Task to carry out: Images are not part of the copy; write out the rest of the data exactly as given.

Dataset entries:
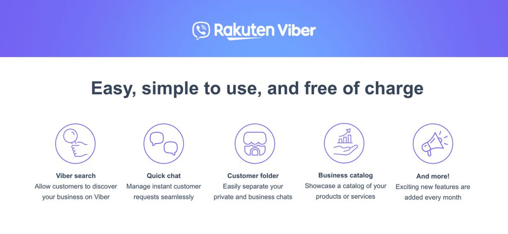Viber’s newest features include a public business profile that businesses can easily set up, 1-on-1 customer chats, discoverability through Viber search, dedicated chat folders where businesses can separate customer messages from personal messages, and a product catalog where customers can explore and inquire about the businesses’ items and other services.
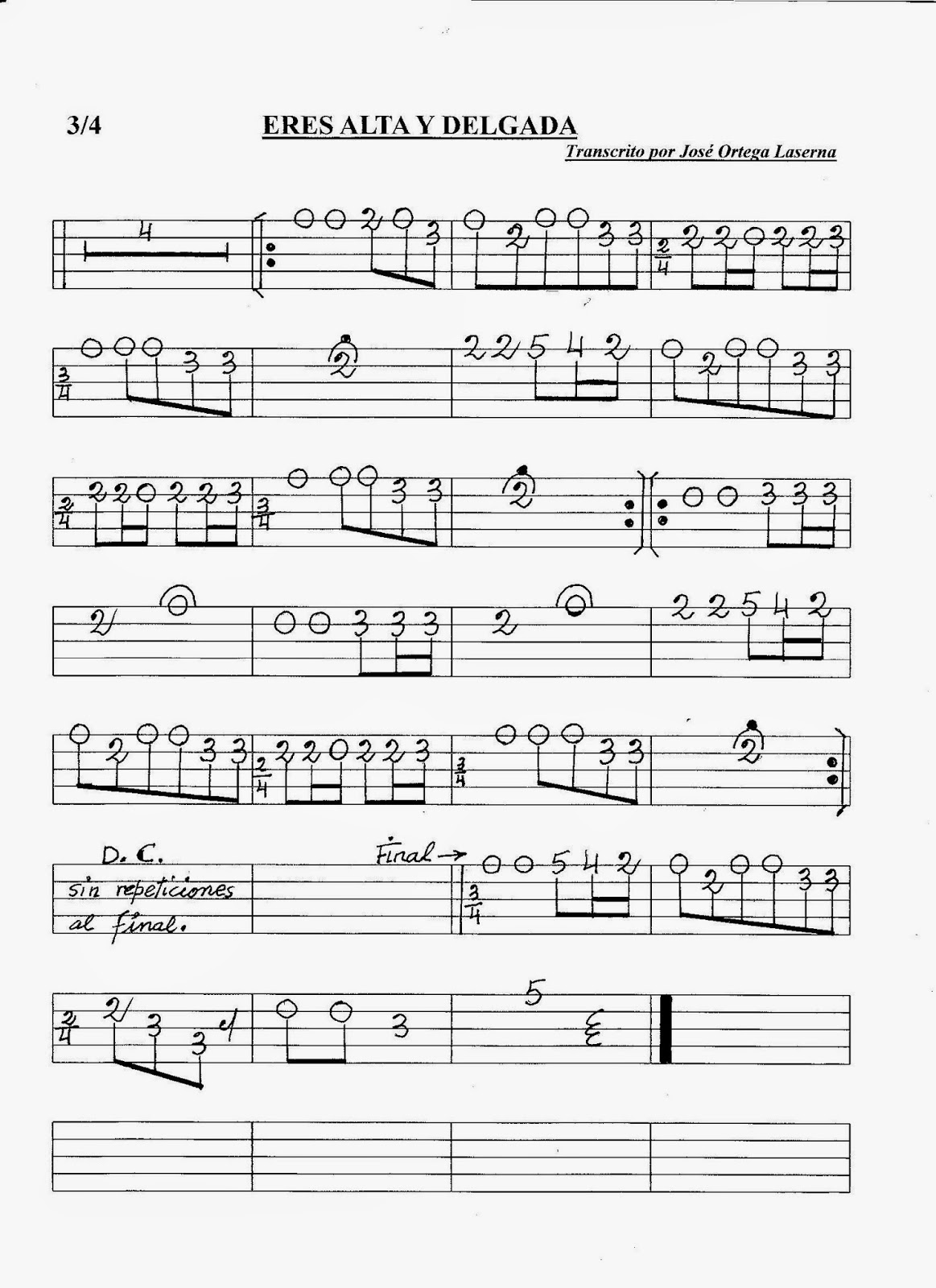 PARTITURAS EN CIFRA PARA BANDURRIA Y LAÚD DE JOSÉ ORTEGA LASERNA ERES ALTA Y DELGADA
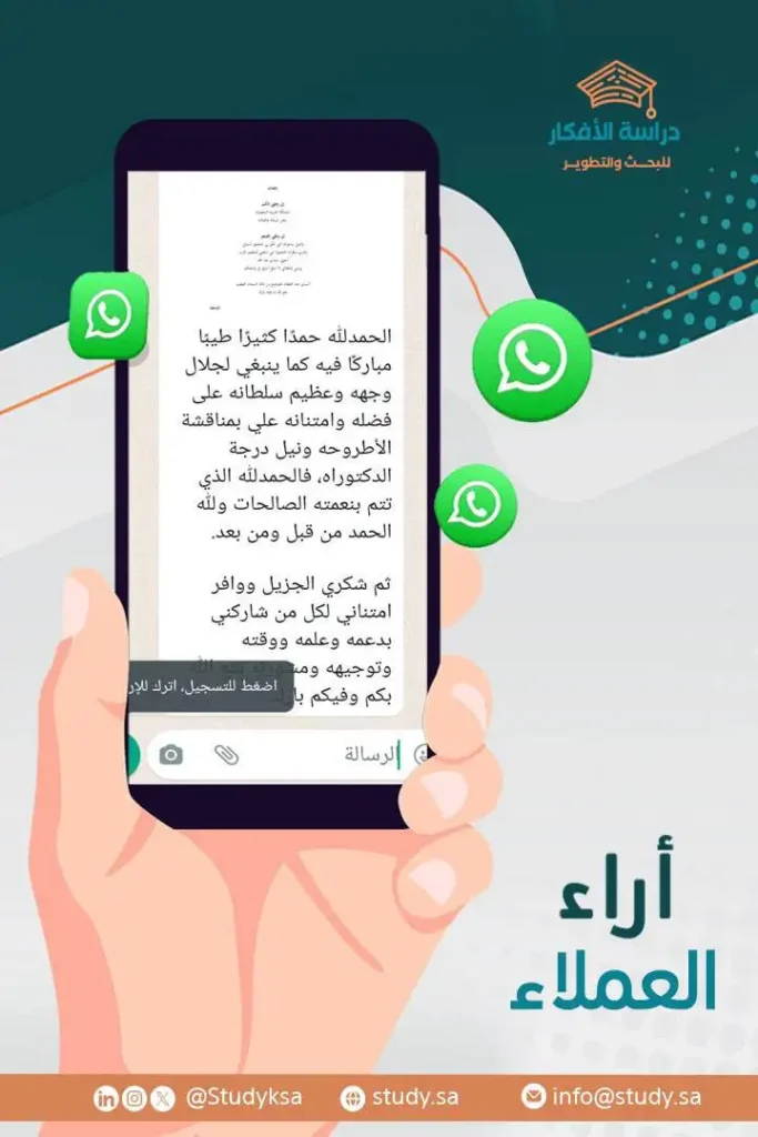 Are you facing difficulties in preparing your Master’s or PhD thesis? Don’t worry, because with Study, you now have an academic partner who supports you from idea to defense. We don’t offer ready-made services, but rather provide well-researched scientific solutions that contribute to enhancing the quality of your thesis and achieving your university’s requirements with precision and professionalism. Our team of academics and specialists from various fields is ready to provide comprehensive support throughout all stages of scientific research, according to the highest academic standards.
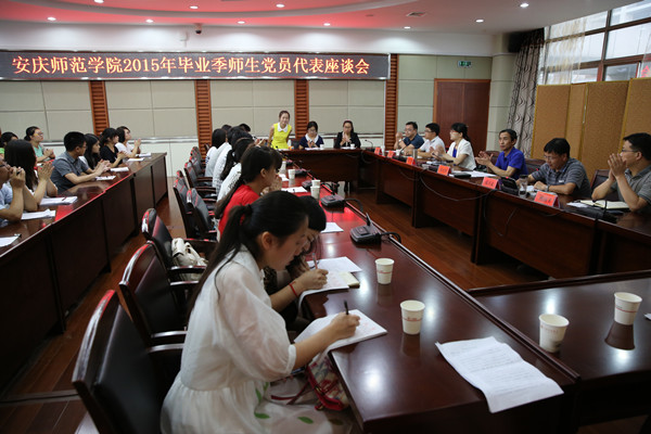 在庆祝中国共产党94岁生日和2015届毕业生离校之际,beat365官网于6月25日下午在龙山校区行政楼二楼会议室召开毕业季师生党员代表座谈会。校党委委员、组织部长陈光明出席了会议。组织部(党校)、学生处、团委等部门负责同志,以及全体毕业生党员代表、新党员代表、入党积极分子代表和教职工党员代表共50余人参加了会议。校党校常务副校长、组织部副部长戴卫义主持座谈会。
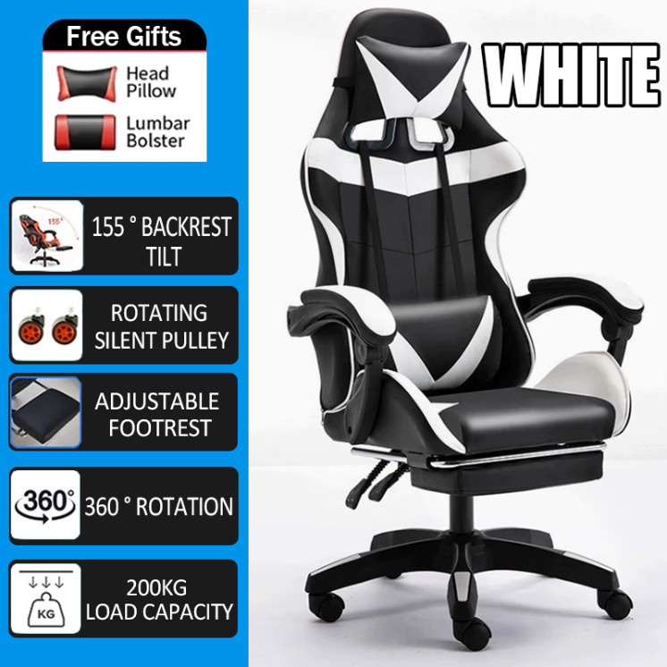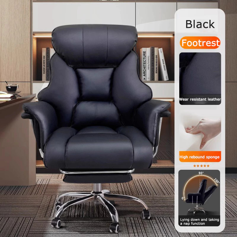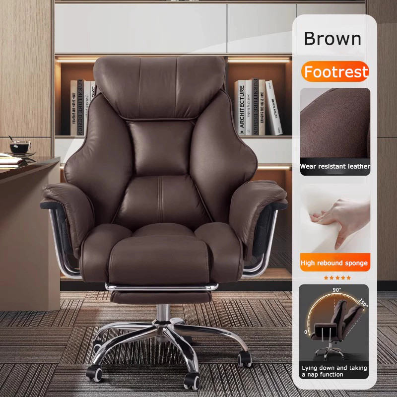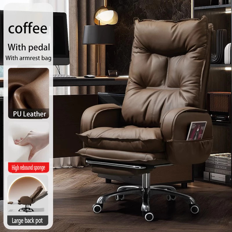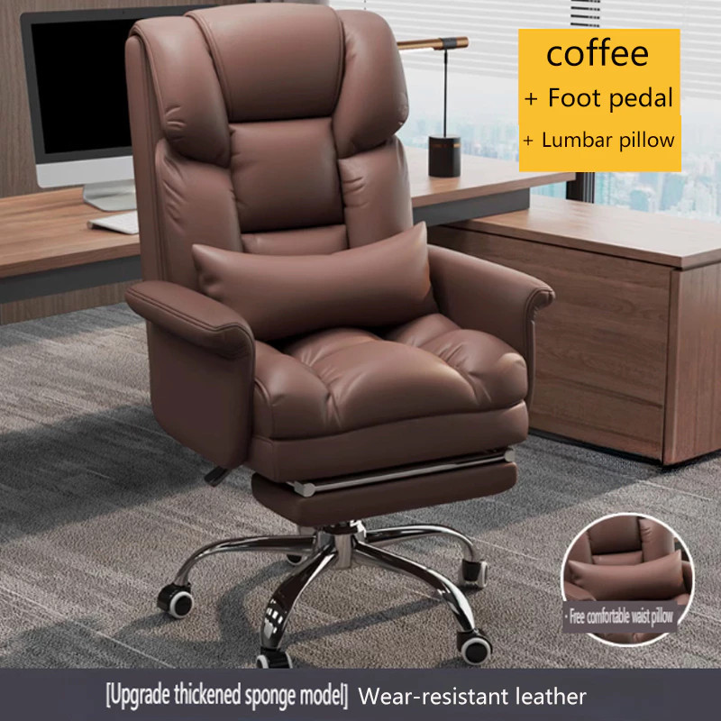 Office Chair Leather Reclining Swivel Chair Comfortable Ergonomic Chair With Foot Rest Gaming Chair

Answer below:
Viber’s newest features include a public business profile that businesses can easily set up, 1-on-1 customer chats, discoverability through Viber search, dedicated chat folders where businesses can separate customer messages from personal messages, and a product catalog where customers can explore and inquire about the businesses’ items and other services.
 PARTITURAS EN CIFRA PARA BANDURRIA Y LAÚD DE JOSÉ ORTEGA LASERNA ERES ALTA Y DELGADA
 Are you facing difficulties in preparing your Master’s or PhD thesis? Don’t worry, because with Study, you now have an academic partner who supports you from idea to defense. We don’t offer ready-made services, but rather provide well-researched scientific solutions that contribute to enhancing the quality of your thesis and achieving your university’s requirements with precision and professionalism. Our team of academics and specialists from various fields is ready to provide comprehensive support throughout all stages of scientific research, according to the highest academic standards.
 在庆祝中国共产党94岁生日和2015届毕业生离校之际,beat365官网于6月25日下午在龙山校区行政楼二楼会议室召开毕业季师生党员代表座谈会。校党委委员、组织部长陈光明出席了会议。组织部(党校)、学生处、团委等部门负责同志,以及全体毕业生党员代表、新党员代表、入党积极分子代表和教职工党员代表共50余人参加了会议。校党校常务副校长、组织部副部长戴卫义主持座谈会。
 Office Chair Leather Reclining Swivel Chair Comfortable Ergonomic Chair With Foot Rest Gaming Chair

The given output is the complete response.